Further, the step 2 specifically includes the following steps:
the method comprises the following steps of utilizing a BERT-Bi-LSTM-CRF model based on a multi-head attention structure to complete knowledge extraction of unstructured data of medical records such as electronic medical records; the model is divided into three layers: the method comprises the following steps of (1) carrying out BERT pre-training on a model, a Bi-LSTM semantic fusion layer and a CRF optimal output layer; after the marked data is input into the model, firstly, the first layer of BERT pre-training model is used, text vectorization is realized by combining a multi-head attention model, different positions are simultaneously focused in the extraction process to input information representing different subspaces, and a plurality of attention layers are used for parallel calculation; then, inputting the vector expression sequence of the text into a second Bi-LSTM semantic fusion layer, and carrying out further semantic coding to obtain global sequence characteristics; and finally, the data enters a third CRF optimized output layer, so that the label sequence which has the highest probability and is most consistent with the semantics is output.

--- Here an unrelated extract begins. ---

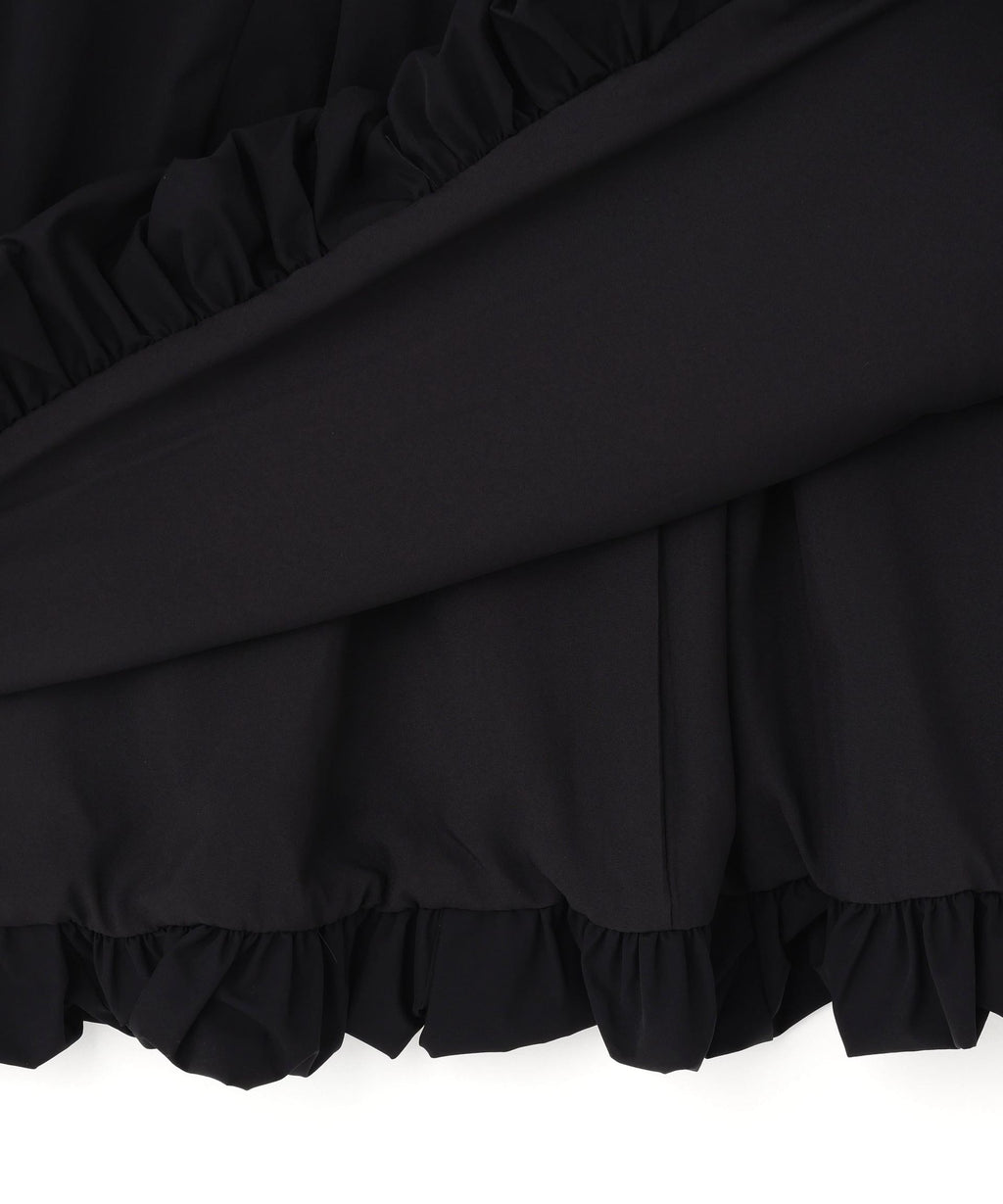 具有豐富感的輪廓引人注目的氣球裙。為了讓腰部看起來更為修身,設計了接縫的氣球輪廓。裙擺向外擴展的設計與充足的插片形成對比,讓腰圍看起來也更加修身。附有方便的斜口袋。後腰部採用橡筋設計,因此穿著感覺FREE。

Further, the step 3 specifically includes the following steps:
an improved K-Means algorithm is adopted to automatically complete the determination work of the number of the clustering categories and perform clustering disambiguation; merging the overlapped structured data into the existing knowledge base through Pandas; and linking the entity object extracted from the unstructured data or the semi-structured data with the corresponding correct entity object in the knowledge base by adopting a Fusion similarity calculation method.
Further, the improved K-Means algorithm flow is as follows:
the file to be processed n initializes the number of clusters, k is the number of clusters with different diseases D1、D2Is collected as a file of
Figure BDA0003725427340000023
The integer part of (a); selecting an initial aggregation point according to
Figure BDA0003725427340000021
Figure BDA0003725427340000022
Storing the aggregation point S in a set, and storing the index and the minimum distance in a set S'; calculating the difference value of the minimum distance between the two clustering points, and storing the difference value into a set S'; starting from the S' point with the largest distance difference, storing the previous aggregation point into a set S; starting from the clustering center K, obtaining a clustering result by applying a K-means clustering algorithm; k clustering centers can be automatically obtained, a final document set is obtained, and the disambiguation task is completed.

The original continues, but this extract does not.